Norwegian politician

Ole Hannibal Sommerfelt (3 March 1753 – 6 April 1821) was a Norwegian jurist, civil servant and topographer. He was active in Denmark-Norway.

==Personal life==
He was born at Sukkestad in Toten (in the present-day Østre Toten Municipality) as a son of district stipendiary magistrate and chancellor councillor David Christian Sommerfelt (1717–1773) and Benedicte "Bente" Christine Hoff. His grandfather Christian Sommerfelt was also district stipendiary magistrate. His great-grandfather and uncle were both named Hans, and became priests. The latter worked in Denmark and became ancestor for a Danish family line. Ole Hannibal Sommerfeldt became ancestor of a Norwegian branch of Sommerfeldts, and so did his brother Christian. Through his sister Maria he was an uncle of Lauritz Weidemann, and through his brother an uncle of Søren Christian Sommerfelt.

Ole Hannibal Sommerfeldt was married twice. First he married merchant's daughter Thrine Karine Bøe (1756–1792) in July 1780 in Gausdal. After her death, in July 1801 in Kvernes he married dean's daughter Anne Catharina Lemvig Aussig (née Bull, 1759–1848). He changed his name from Sommerfeldt to Sommerfelt before 1800. He was a grandfather of Hakon Adelsteen Sommerfeldt and great-great-grandfather of Alf and Wilhelm Preus Sommerfeldt.

==Career==
Sommerfeldt grew up at Sukkestad, enrolled at the University of Copenhagen in 1771 and graduated in law in 1773. He then became a deputy judge in Toten, serving under his father, and when his father died, he became acting district stipendiary magistrate. From 1776 to 1883 he held the same position in Søndre Gudbrandsdalen. From 1784 he held the title chamber councillor (kammerråd).

From the spring of 1784 he served as bailiff (foged) of Finmarkens Amt. He was also district stipendiary magistrate from 1875 to 1786 and also acting County Governor of Finmarkens Amt while Christen Heiberg was away. From 1787 to 1800 he served as County Governor. He went on as County Governor of Romsdals Amt from 1800 before succeeding his deceased brother as County Governor of Christians Amt in 1811. He resided at the Dal farm in the prestegjeld of Vardal. He retired in 1821 and died in the same year. Sommerfelt was also elected to the first Parliament of Norway in 1814, and served through the one-year term.

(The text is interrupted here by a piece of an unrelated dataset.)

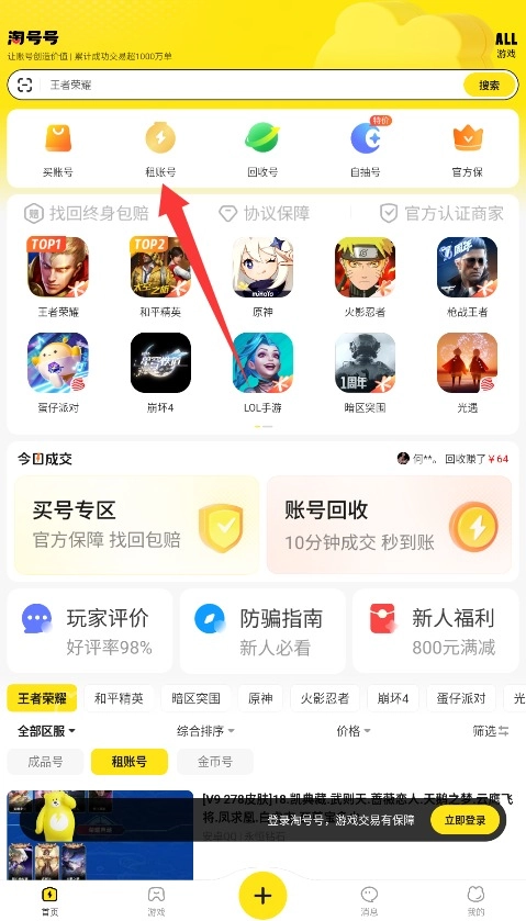 3、打开应用首页,点击顶部"租账号"功能入口,即可查看可出租账号列表并进行操作。

As an Enlightenment person, Sommerfeldt was interested in practical agriculture, economy and topography. He was the praeses of Det Romsdalske practiske Landhusholdningsselskab in the early 1800s, and while serving in Christians Amt he advocated the city status for Lillehammer, which was granted in 1827. In Finmarkens Amt he planned the city status for Tromsø (granted 1794) and achieved city status for Vardø and Hammerfest in 1789. He followed a free trade principle and also supported Jens Holmboe's settling project in Målselvdalen. Like his brother, he was also a topographical writer. The journal Topographisk Journal for Norge printed his main topographical work, Kort Beskrivelse over Finmarken, in 1799.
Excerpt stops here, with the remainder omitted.